1990年代、旅行先のソウルで出会った音楽に惹かれ、その後韓国音楽を研究し続けている著者が韓国音楽激動の100年を読み解く『K-POP現代史』。著者が自らのK-POPとの出会い、K‐POPの位置づけの変化などについて記したエッセイを公開します。(PR誌「ちくま」5月号より転載)

  「〜について通史を書く」という行為は歴史研究の世界では、一般的にその分野を代表する研究者の仕事とされる。それほどに「畏れ多い」ことなのだ。
 今回、ちくま新書の一冊として拙著『K-POP現代史――韓国大衆音楽の誕生からBTSまで』が刊行されることになった。カバーには内容を要約して、


いま世界を席巻するK-POPは、いかにして生まれたのか?[中略]激動の一〇〇年の情勢を押さえつつ、今日に至るジャンルと国境を越えたダイナミックな発展を通史的に論じる。

と書かれている。私が今まさに世に送り出そうとしている書物はK-POPに関する「通史」なのである。実に畏れ多いことをしてしまったわけだ。
 しかし、私が韓国のポピュラー音楽を語る時は、必然的に歴史として語ることになる。
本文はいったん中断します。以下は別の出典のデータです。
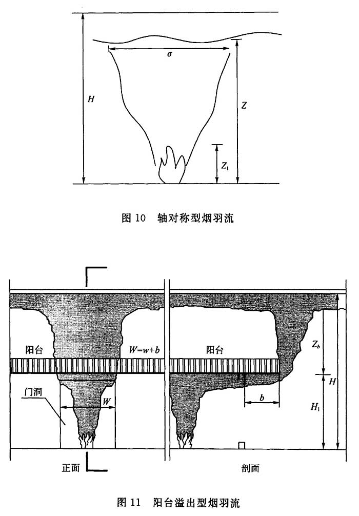4.6.11 轴对称型烟羽流、阳台溢出型烟羽流、窗口型烟羽流为火灾情况下涉及的三种烟羽流形式,计算公式选用了美国消防工程师协会标准NFPA92《Standard for Smoke Control System》(烟气控制系统标准),其形式如图10~图12所示,轴对称型烟缕的火源不受附近墙壁的限制。

それ以外に私は語りえないからだ。
 一九七三年生まれの私は、半世紀にわたる人生でそれぞれの時代の韓国音楽に触れ、その変容を体感してきた。韓国音楽、K-POPは私にとって時代とともに変化する歴史的存在であり、歴史的体験そのものだ。それは私が生まれる前から続いてきたものであり、最新のK-POPもまたその一部である。
 私が初めてK-POPを好きになったのは大学時代に韓国を旅行した際で、ソウルの街に流れる音楽に惹かれた。一九九五年、まだK-POPという呼称はなかった頃だ。ヒップホップ調の音楽が主流で、ヒップホップ世代の私はすっかり韓国のポピュラー音楽に夢中になった。
 一方、九〇年代の日本はJ-POP黄金時代でミリオンセラーが連発する絶頂期にあった。このような時代に韓国の音楽に夢中になる大学生の私は、周囲から見ればマニアックな音楽が好きな「変わり者」であった。
 この頃、「韓国の音楽をよく聴く」と言うと「えっ?演歌が好きなの?」との反応が返ってくることがあった。私の世代が小・中学生であった八〇年代にはチョー・ヨンピルなど韓国の歌手が演歌の世界で活躍し、紅白にもしばしば出場していた。当時の大学生が韓国と聞いて演歌を連想するのも無理はない。
 しかし、世紀を跨いでBoAが日本進出し、その後、東方神起や少女時代、KARAらがK-POPブームを巻き起こした。K-POPは日本社会で一気にメジャーな存在となり、もはや大学生が聴いていても「変わり者」ではないし、韓国音楽から演歌を連想する大学生もいなくなった。
 当時、三十代後半になっていた私は仕事をしながら大学院で朝鮮近現代史の研究を始めた。当初の研究テーマは別にあったが、K-POPブームの中で研究対象をK-POPへと広げた。
 あるときは演歌、ある時期にはマニアックな音楽、かと思えば近年はメジャーな存在へと韓国音楽の位相は日本社会において変化してきた。なぜ、このようなことが起こるのか? その疑問が私をK-POPの歴史的研究へと誘った。
 大小の歴史的事象と音楽とは切っても切れないもので、韓国人演歌歌手の活躍も、今のK-POP人気もすべて歴史の中で生起した出来事である。背景にある歴史を理解せずして、本当にK-POPを知ったことにはならないだろう。
 したがって拙著では、若いK-POPファンだけでなく、その親世代、さらには祖父母世代に馴染みのある過去の音楽や社会の出来事に触れつつ、現在のK-POPへの道を明らかにした。その結果、世代を越えて読むことができる内容となった。
 拙著のタイトル『K-POP現代史』とは、決して“K-POP「の」現代史”という意味ではない。“K-POP「は」現代史”なのであり、“K-POP「こそ」現代史”であるということだ。K-POPは現代を生きる人々の歴史の結晶である。そのことが世界的人気の基盤になっていると拙著から感じていただければ、著者としてこの上ない喜びである。
(やまもと・じょうほう 日韓交流史)

ちくま新書
K-POP現代史
―韓国大衆音楽の誕生からBTSまで    
山本浄邦著
定価946円(10%税込)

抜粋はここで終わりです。